During our trip to the market we found the offerings there are limited; however, there are some things we can do to vary chop. Once I have some time on my hands, I hope to come up with some recipes to bring along in February when Cally and I make a return trip.
THERE’S MORE THAN ONE WAY TO SKIN AN ANTELOPE
The morning I was packed up to leave, Elijah, the head cook, walked into camp with a small antelope dangling from a stick. I thought it looked like an interesting purse idea. It was going to be Tuesday night’s dinner.
So, how does one prepare a furry fresh antelope for dinner? Skin it first, of course. And how does one skin an antelope, you ask? Well, there’s more than one way, but bet you never thought to use a bicycle pump.

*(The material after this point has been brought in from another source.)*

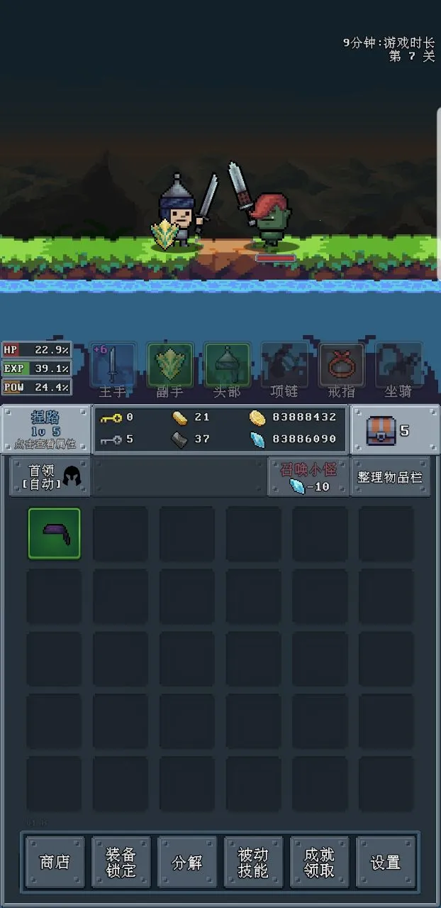 河堤战士是像素风格冒险战斗游戏,玩家扮演战士冒险闯关,击杀怪物获装备道具武装角色。有丰富武器技能,自动战斗,独特像素风,还有成就系统,通过升级武器、购买道具提升实力,不断解锁新内容。

Hooman, our ever so clever resident architect/earth bag specialist, was in charge of flaying Mr. Antelope. I saw Hooman sharpening his knife as I was getting my bags ready to leave and then overheard the discussion between Mike and Hooman on how to remove the skin. Next thing I know, they’ve got a ball pump and are inflating the antelope to separate its skin from muscle. The ball pump was working! They even discovered that when you press on an inflated antelope, they make some rather embarrassing noises.
SWIMMING TO THE WRECK
Alejandro, our Costa Rican perma-culturist, invited me to join him for a swim out to a shipwreck that rests some 300-400 yards off the beach. A good sized portion of the hull was visible at low tide and it looked very tempting and fun to explore. Given my fear of dark water, I normally would have said no but Alejandro has a way about him that makes everything feel good and safe, so, I pushed aside my fears and decided to go. He shared his thoughts on fear- simply acknowledge that you are a part of nature and ask the creatures of the sea or forest for their protection and acceptance. Oh, to be so mellow.

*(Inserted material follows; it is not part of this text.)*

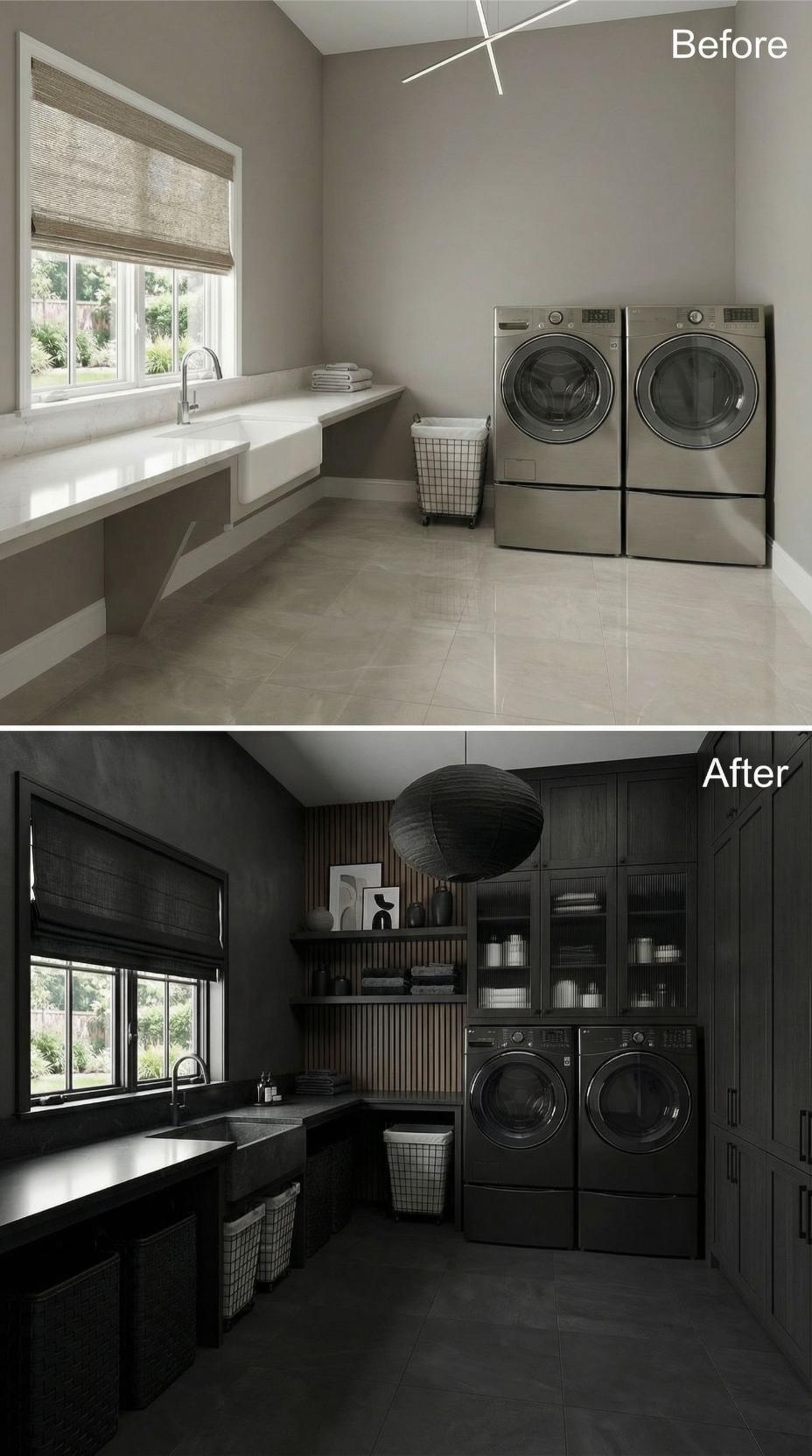 Dramatic charcoal cabinetry transforms this builder-grade laundry room into a sophisticated workspace with floor-to-ceiling storage solutions. Custom ribbed wood panels create textural interest while built-in shelving maximizes vertical space. Black countertops and matching appliances maintain the monochromatic palette, while strategic lighting highlights the room’s newfound architectural depth and functionality.

Armed with masks, snorkels and sharing a pair of fins, one broken and both too small for Ale, we made our one legged swim out to the wreck. Ale liked to swim down to the bottom and would disappear every so often, causing a mild panic attack on my part. I am an expert on all things bizarre and all gruesome ways to die, so the Discovery Channel’s footage of the giant great white breaching the water to swallow a sea lion whole came to mind. Between the beach and the wreck, we swam through greenish water with no bottom in sight- to my neurotic mind, prime hunting grounds for sharks. I asked for acceptance by the sea creatures and hoped they were listening.

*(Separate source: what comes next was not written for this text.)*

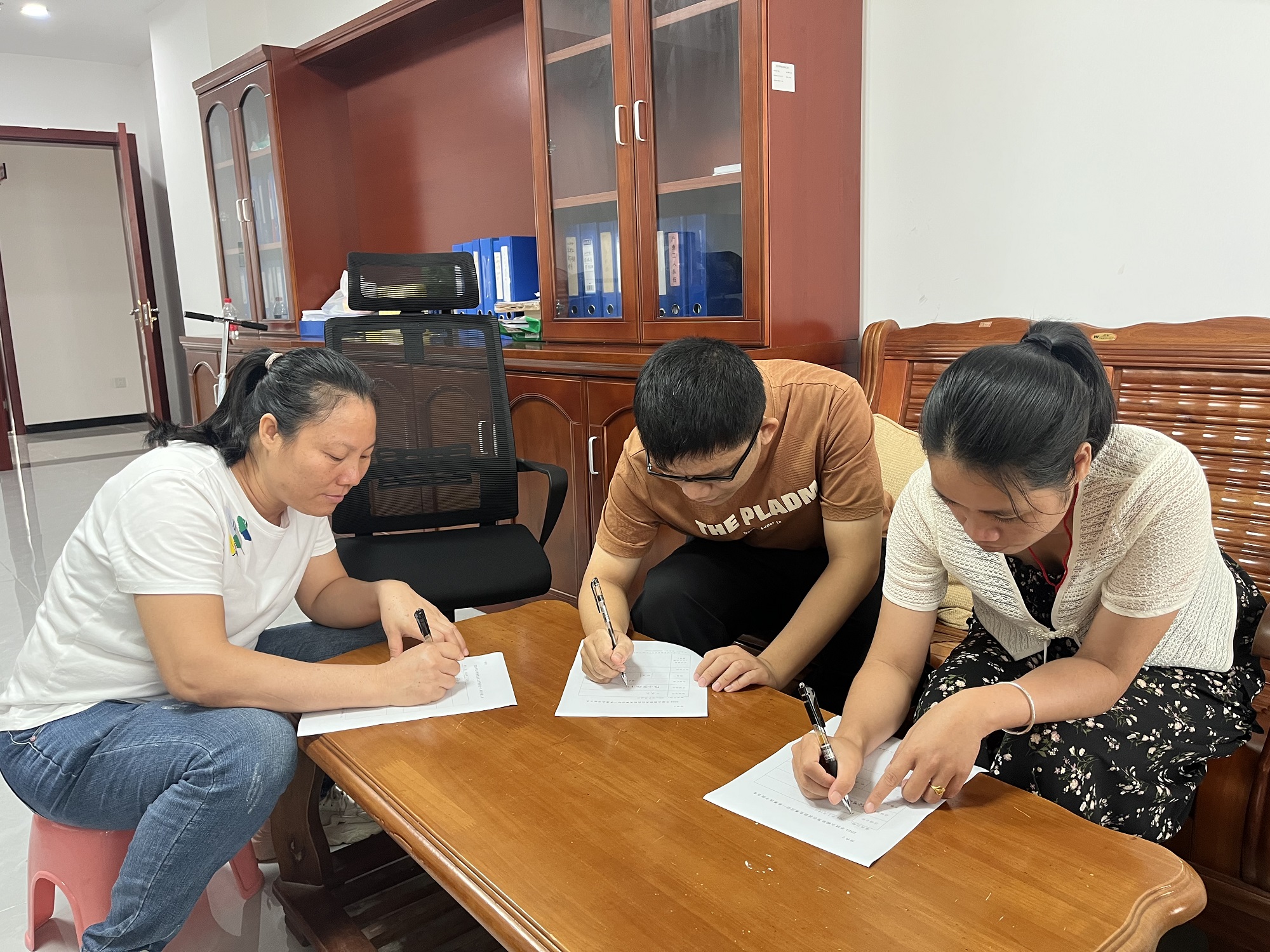 记者在首届酸粉行业技能竞赛线下报名处看到,县总工会工作人员正在指导前来报名的市民群众、商家填写报名表。

As we got closer, the waves broke over shallow rock formations where the wreck had come to rest. Happy to be in friendlier waters, we started exploring the sea floor. There we discovered the mast, much of the railing and a good portion of the hull still intact. Oddly colored but beautifully detailed pieces of scrap surrounded the wreck. We dove hoping to come back with some interesting treasure. Snapper, barracuda and all sorts of fish were there for us to enjoy. Ale managed to climb up onto the rusty piece of wreckage that stuck about seven or so feet out of the water and pulled me up to share a much-needed rest. The swim back was tiring but it was a beautiful way to spend the afternoon and a treat to share it with Ale.